Because Trump wanted to avoid those restrictions, he instead latched onto IEEPA, a 1977 law that does not even mention tariffs and had never before been used to impose them. The government's lawyers cited an IEEPA provision that authorizes the president to "regulate" imports in certain circumstances. That provision, they claimed, included a hitherto unnoticed power to completely rewrite the tariff schedule approved by Congress. Trump maintained that IEEPA authorizes the president to impose any taxes he wants on any imports he chooses from any country he decides to target for any length of time he considers appropriate whenever he deems it necessary to "deal with" an "unusual and extraordinary threat" from abroad that constitutes a "national emergency."

That reading of the law was implausible for several reasons, not least because it rendered superfluous the many statutes that explicitly allow the president to impose tariffs. Section 232 of the Trade Expansion Act of 1962, for example, authorizes taxes on imports that "threaten to impair the U.S. national security." During his first term, Trump used that law to impose tariffs on steel and aluminum, which he expanded last year, raising the rate and applying the taxes to home appliances made from those materials. He also invoked Section 232 to justify tariffs on cars and car parts.

Unlike the power that Trump unsuccessfully claimed under IEEPA, his Section 232 authority is limited. It requires a Commerce Department investigation that must be completed within 270 days after it is initiated, focused on specific goods that supposedly implicate national security. While such determinations are frequently dubious, the resulting tariffs are much more narrowly targeted than the steep, indiscriminate "Liberation Day" tariffs that Trump announced last April, which applied to myriad categories of goods from scores of countries.

According to Trump, those tariffs were aimed (if that is the right word) at addressing the "unusual and extraordinary threat" posed by the overall gap between exported and imported goods. Leaving aside the question of whether that long-standing deficit qualifies as an emergency or even a problem, you might wonder why Trump invoked IEEPA to deal with it rather than a law that is much more obviously relevant.

Section 122 of the Trade Act of 1974 authorizes tariffs to address "large and serious United States balance-of-payments deficits" that present "fundamental international payments problems." That law was inapposite, the Trump administration's lawyers argued, because balance-of-payments deficits are different from trade deficits. But as trade policy experts Marc L. Busch and Daniel Trefler noted in response to that argument, "goods trade is the dominant component of the current account, which is at the heart of the balance of payments." The upshot is that "more than 90 percent of the balance of payments is the trade deficit."

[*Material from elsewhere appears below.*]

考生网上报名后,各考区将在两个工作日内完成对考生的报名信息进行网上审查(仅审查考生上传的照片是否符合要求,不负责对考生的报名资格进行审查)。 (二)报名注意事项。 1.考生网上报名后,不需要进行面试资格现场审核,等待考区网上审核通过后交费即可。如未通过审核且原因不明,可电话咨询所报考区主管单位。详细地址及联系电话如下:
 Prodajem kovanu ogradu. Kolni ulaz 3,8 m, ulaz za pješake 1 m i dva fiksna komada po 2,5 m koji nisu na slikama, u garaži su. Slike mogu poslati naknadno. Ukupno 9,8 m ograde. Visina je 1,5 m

Why would the government obscure that reality? Possibly because, as the U.S. Court on International Trade (CIT) noted when it rejected Trump's interpretation of IEEPA last May, "Congress's enactment of Section 122 indicates that even 'large and serious United States balance-of-payments deficits' do not necessitate the use of emergency powers and justify only the President's imposition of limited remedies subject to enumerated procedural constraints."

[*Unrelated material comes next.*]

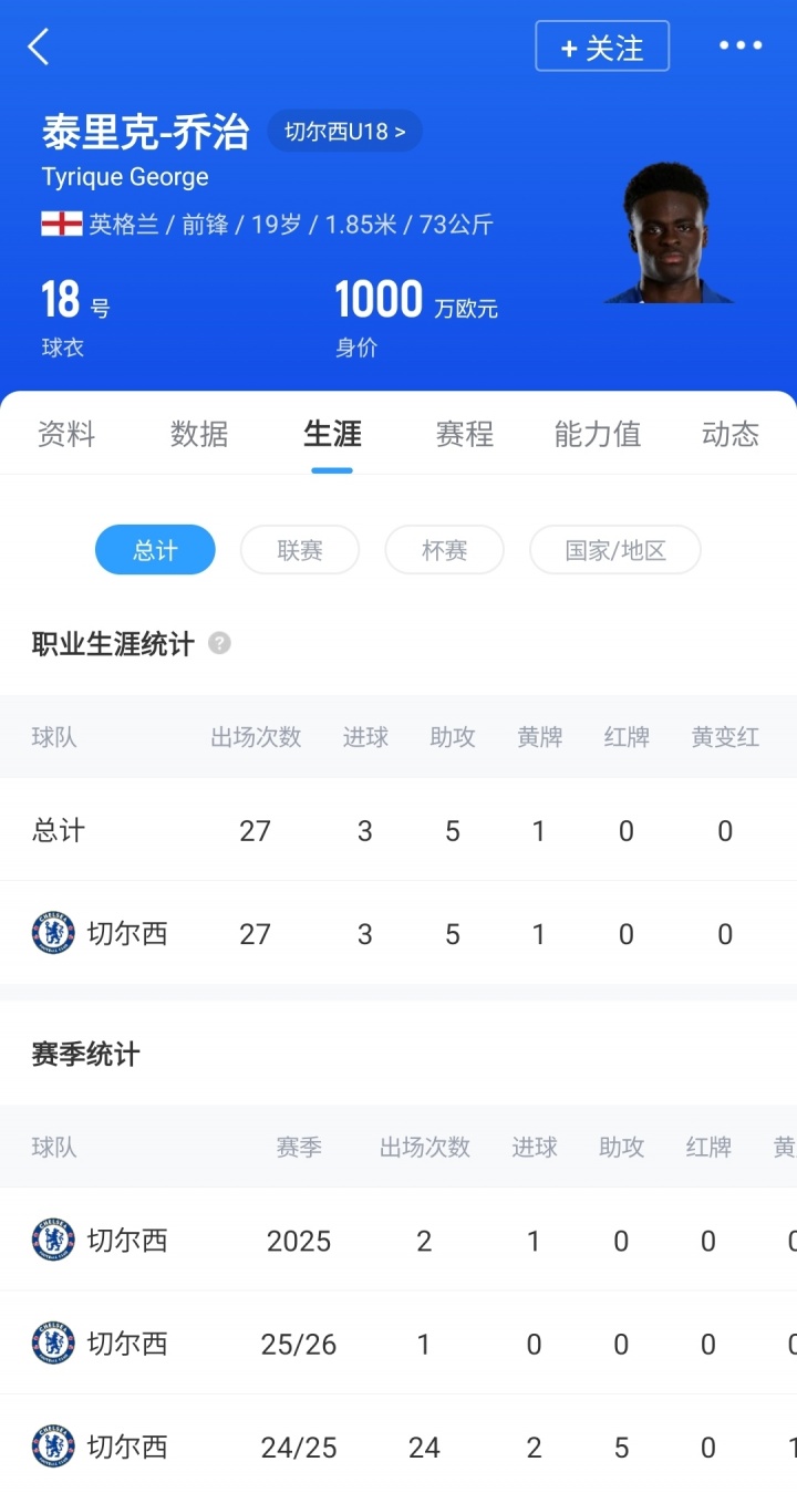 DO独家:富勒姆签19岁切尔西小将乔治达协议 转会费2200万镑+二转

Those constraints include a 15 percent rate cap and a maximum duration of 150 days, which can be extended only with congressional approval. The CIT concluded that "Section 122 removes the President's power to impose remedies in response to balance-of-payments deficits, and specifically trade deficits, from the broader powers granted to a president during a national emergency under IEEPA by establishing an explicit non-emergency statute with greater limitations."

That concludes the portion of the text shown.